Although pictures appear in the data, the answer should contain only the lines from its start through the line with "Snyggt och modern", written out exactly.

================

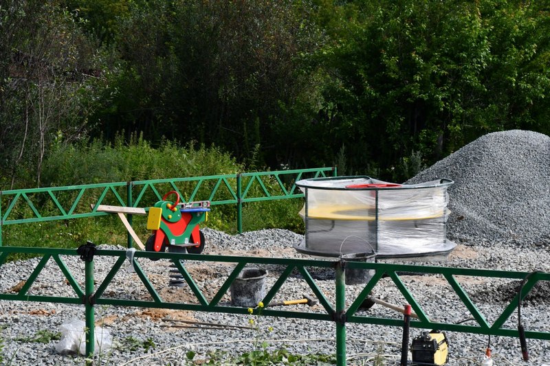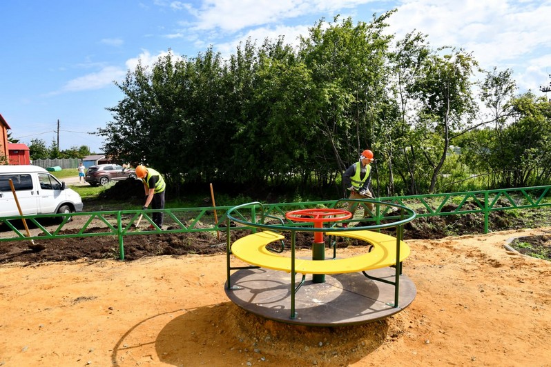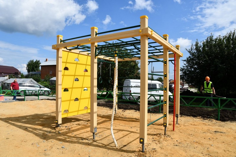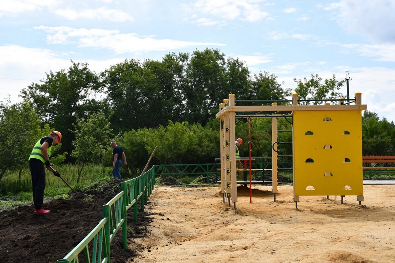 На сегодняшний день подрядчик – ИП Волянский А.Б. - уже выполнил ряд работ. В Селезнях сделано ограждение площадки, установлены игровые элементы, малые архитектурные формы. В Бижеляке пока установлено ограждение, на место доставлена часть игровых элементов.
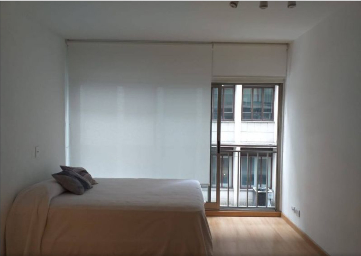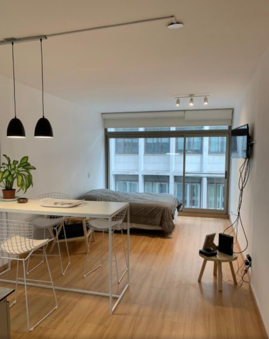 Zona de escritorio y dormitorio al lado del ventanal, con muy buena luz natural.
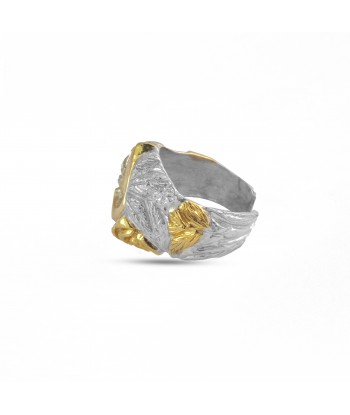 خاتم شغل يدوي ، حفر يدوي ، فضة استرليني عيار ٩٢٥ ، مطلي ذهب و بلاتين
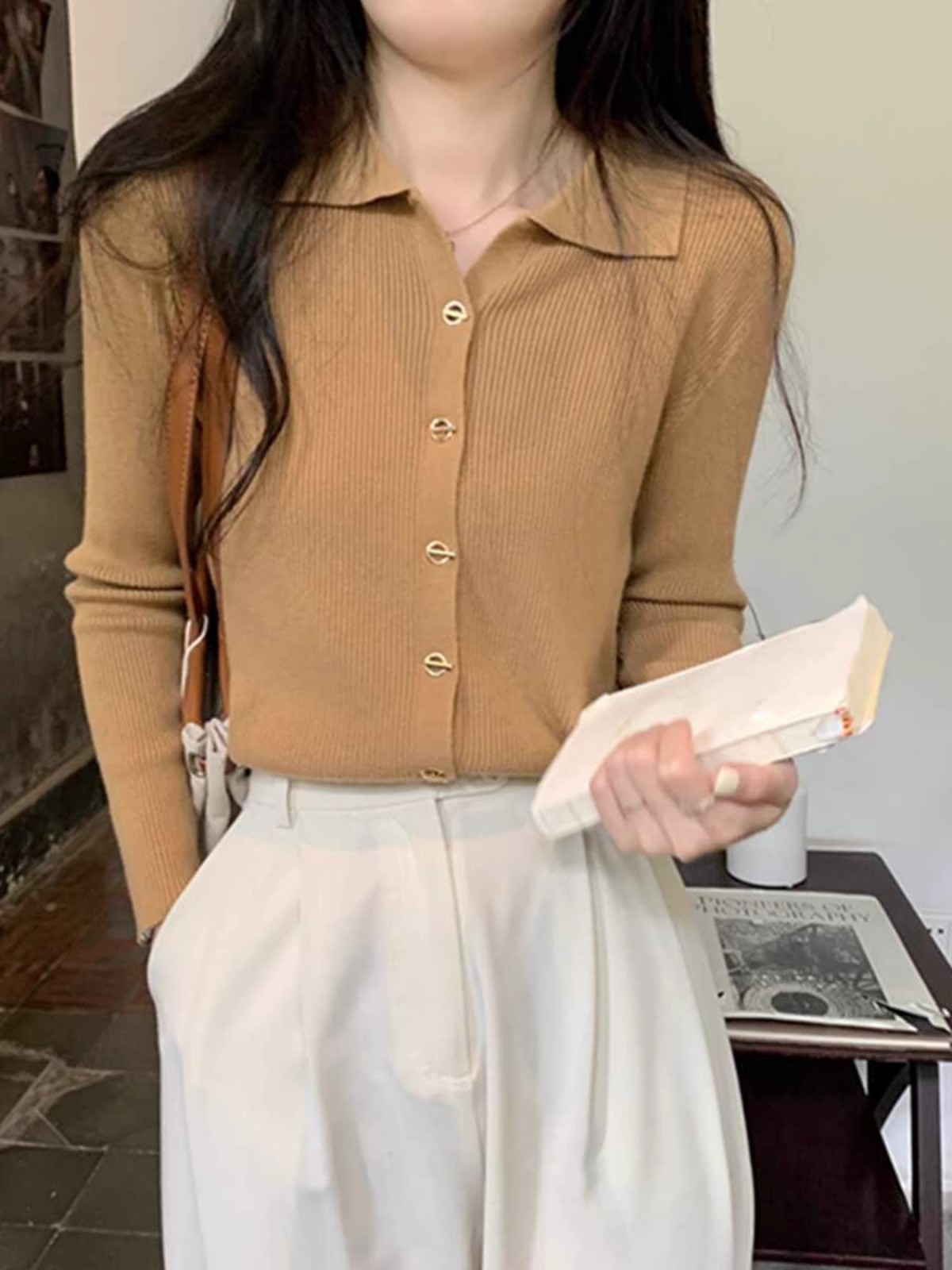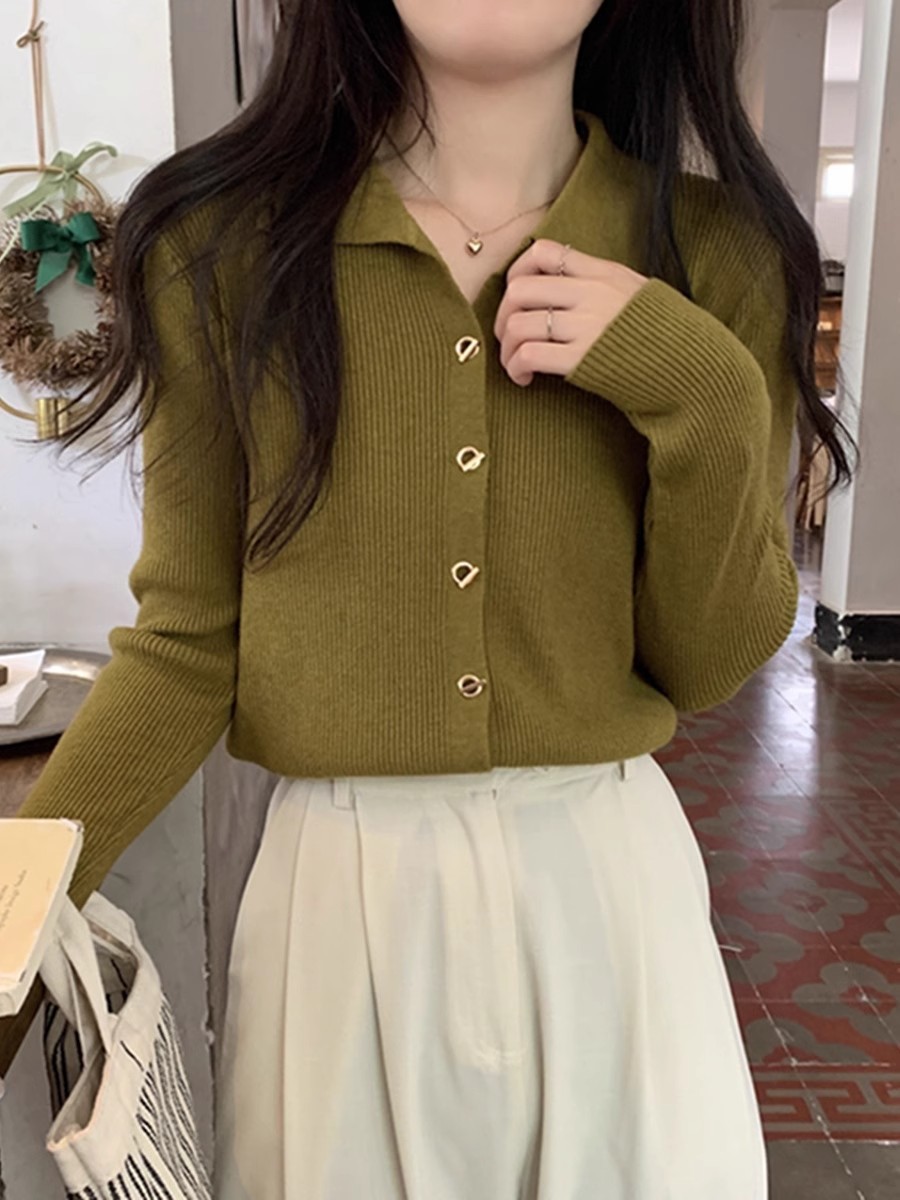 프랑스 스타일 옷깃 베이스 니트 카디건 여성 가을과 겨울 디자인 폴로 칼라 슬림 핏 탑 스웨터
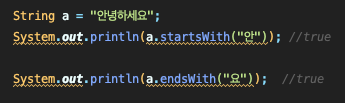 startsWith() , endsWith() 함수를 사용하면 대상 문자열이 특정 문자 또는 문자열로 시작하거나 끝나는지에 대해서 확인할수 있다.
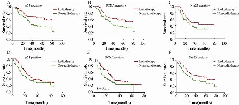 | A-C:negetive expression of p53,PCNA and Nm23; D-E:positive expression of p53,PCNA and Nm23 图 3 术后辅助放疗对PCNA、p53和Nm23阴性和阳性表达患者的生存影响 Figure 3 The impact of adjuvant radiotherapy on the prognosis of patients with negative and positive expression of PCNA, p53 and Nm23 |
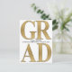 Snyggt och modern inbjudan/meddelande om vit studentfest med guld-bokstäver "GRAD". Baksidan av detta kort har allt du behöver från ditt meddelande till din ceremonininbjudan till studenten, till din gradfestinbjudan.
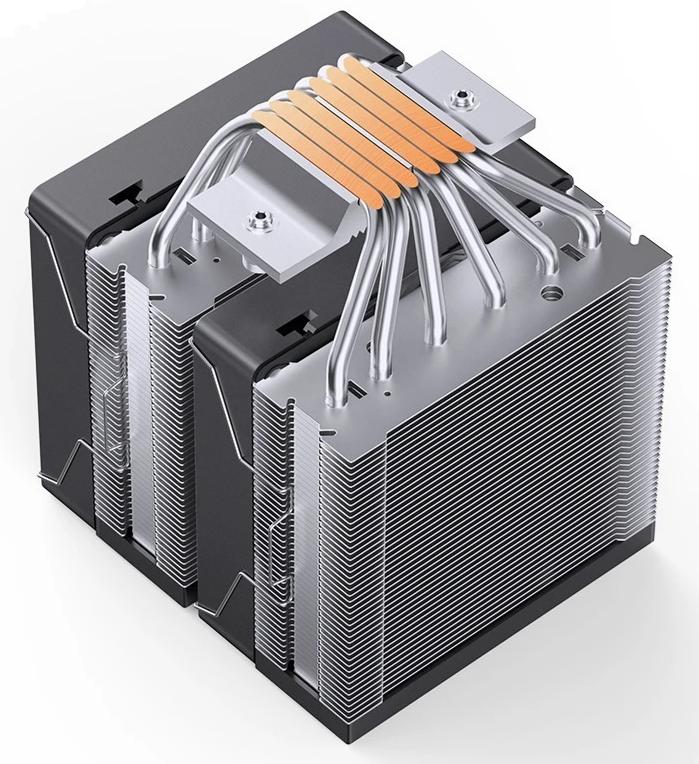 Два 120-мм вентилятори з максимальною швидкістю обертання 1600 об/хв гарантують відмінний повітряний потік, а рівень шуму, що змінюється в межах від 22 до 34 дБ, залишається прийнятним навіть для найвибагливіших користувачів. Шість теплових трубок діаметром 6 мм із прямим контактом до процесора ефективно відводять тепло, що робить цю модель надійним вибором для потужних систем.

================

▶ [RESULT BELOW]:
 На сегодняшний день подрядчик – ИП Волянский А.Б. - уже выполнил ряд работ. В Селезнях сделано ограждение площадки, установлены игровые элементы, малые архитектурные формы. В Бижеляке пока установлено ограждение, на место доставлена часть игровых элементов.
 Zona de escritorio y dormitorio al lado del ventanal, con muy buena luz natural.
 خاتم شغل يدوي ، حفر يدوي ، فضة استرليني عيار ٩٢٥ ، مطلي ذهب و بلاتين
 프랑스 스타일 옷깃 베이스 니트 카디건 여성 가을과 겨울 디자인 폴로 칼라 슬림 핏 탑 스웨터
 startsWith() , endsWith() 함수를 사용하면 대상 문자열이 특정 문자 또는 문자열로 시작하거나 끝나는지에 대해서 확인할수 있다.
 | A-C:negetive expression of p53,PCNA and Nm23; D-E:positive expression of p53,PCNA and Nm23 图 3 术后辅助放疗对PCNA、p53和Nm23阴性和阳性表达患者的生存影响 Figure 3 The impact of adjuvant radiotherapy on the prognosis of patients with negative and positive expression of PCNA, p53 and Nm23 |
 Snyggt och modern inbjudan/meddelande om vit studentfest med guld-bokstäver "GRAD". Baksidan av detta kort har allt du behöver från ditt meddelande till din ceremonininbjudan till studenten, till din gradfestinbjudan.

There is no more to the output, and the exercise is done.